As more of the internet turns into a giant data aggregation machine the repercusions to the individual become stranger and harder to predict. Revelations by Edward Snowden showed that security services didn’t tend just to care about targeted intercept but about a general sweep of all broadcast information, storing it for potential future analysis.
Numerous high profile leaks from tax services, intelligence agencies and networks (remember the TalkTalk hack?) show that even those who are meant to have your data might not be trusted with it — so do we really want WhatsApp, Facebook, Gmail, Outlook to have full read access to every message we send? For BT, Sky, Virgin to have full read access to our web traffic?

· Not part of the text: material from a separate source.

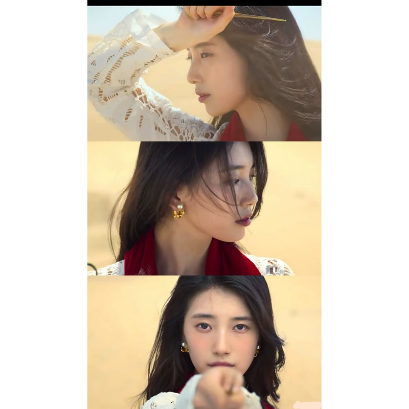 An elegant and minimalist design inspired by Kdrama Genie, Make A Wish Ga-Young (Bae Suzy) Gold Abstract Earrings with Pearl. Each earring showcases a single round white pearl set on a textured gold metal base. The gold base has an organic, sculptural form—almost like molten or crumpled gold—giving the earrings a refined yet artistic look. The pearls add a soft, classic touch that contrasts beautifully with the modern irregularity of the gold setting.
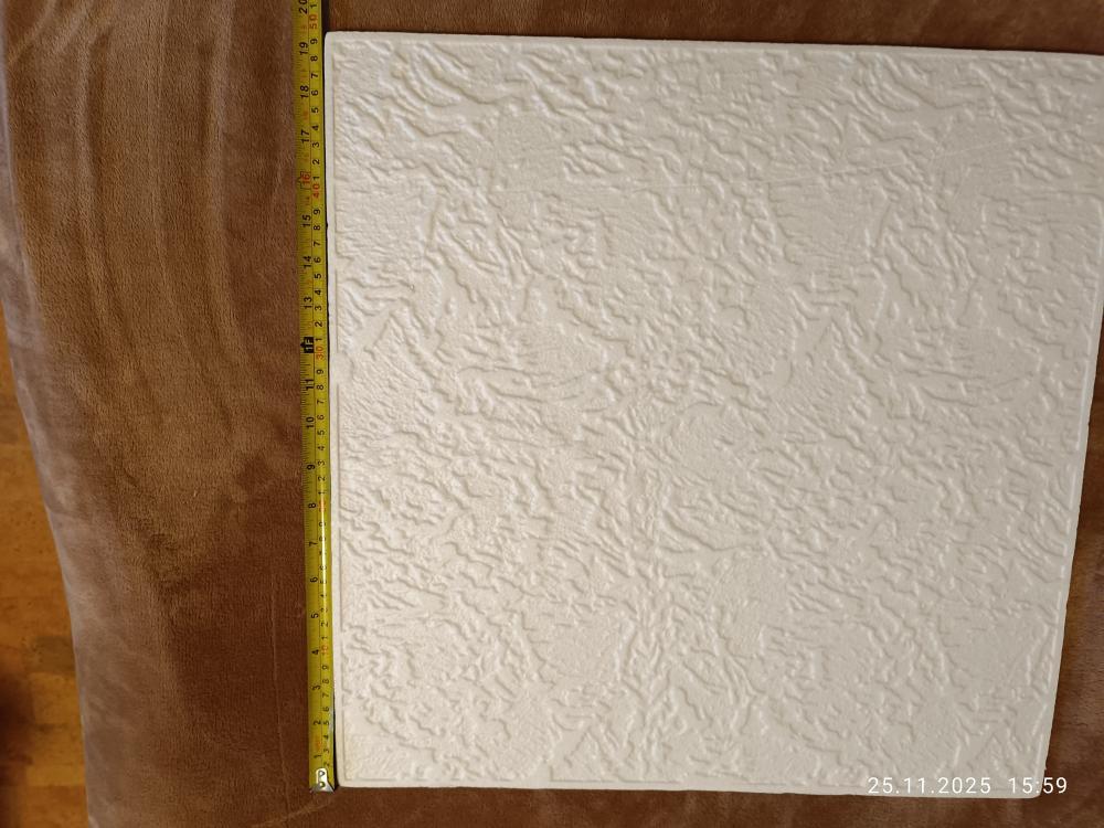 Prodám cca. 60 ks POLYSTYRENOVÝCH KAZET (desek) – STROPNICE NA OBKLAD STĚN / STROPU. Bílé s plastickým reliéfem (zadní strana je hladká) 50 x 50 x 0,5 cm. Dekorativní obklady stěn a stropu místnosti interiéru s účinkem snížení akustického hluku, snižují tepel. ztráty a vyrovnávají nerovnosti povrchů stěn. Z pěnového polystyrenu. Lze dodatečně přetřít emulzní barvou bez obsahu rozpouštědel. 4 ks na 1m2, cena m2 20,-Kč / tj. 15 m2 za 300,-Kč Nejlépe osobní odběr Plzeň.

Data can be gathered accidentally or intentionally; it can be leaked due to malicious actors or plain incompetence (and often both on different sides). The more we live our lives online the more crucial it is that we only send the data we want to the people we want to have it — and that they subsequently have access to the best ways to protect it, especially if it needs to be transmitted on.
In fact rather than just stopping the conversations about back-dooring or removing encryption maybe we need to go further — how about an encryption scheme that protects our data even once we have sent it on to a third party? So you could genuinely share data for a limited time with a single person. Technically that sounds infeasible — but for all the calls of the industry to employ its might to give governments access to their citizen’s information, is it not time for that pressure to be applied in defence of those same citizens?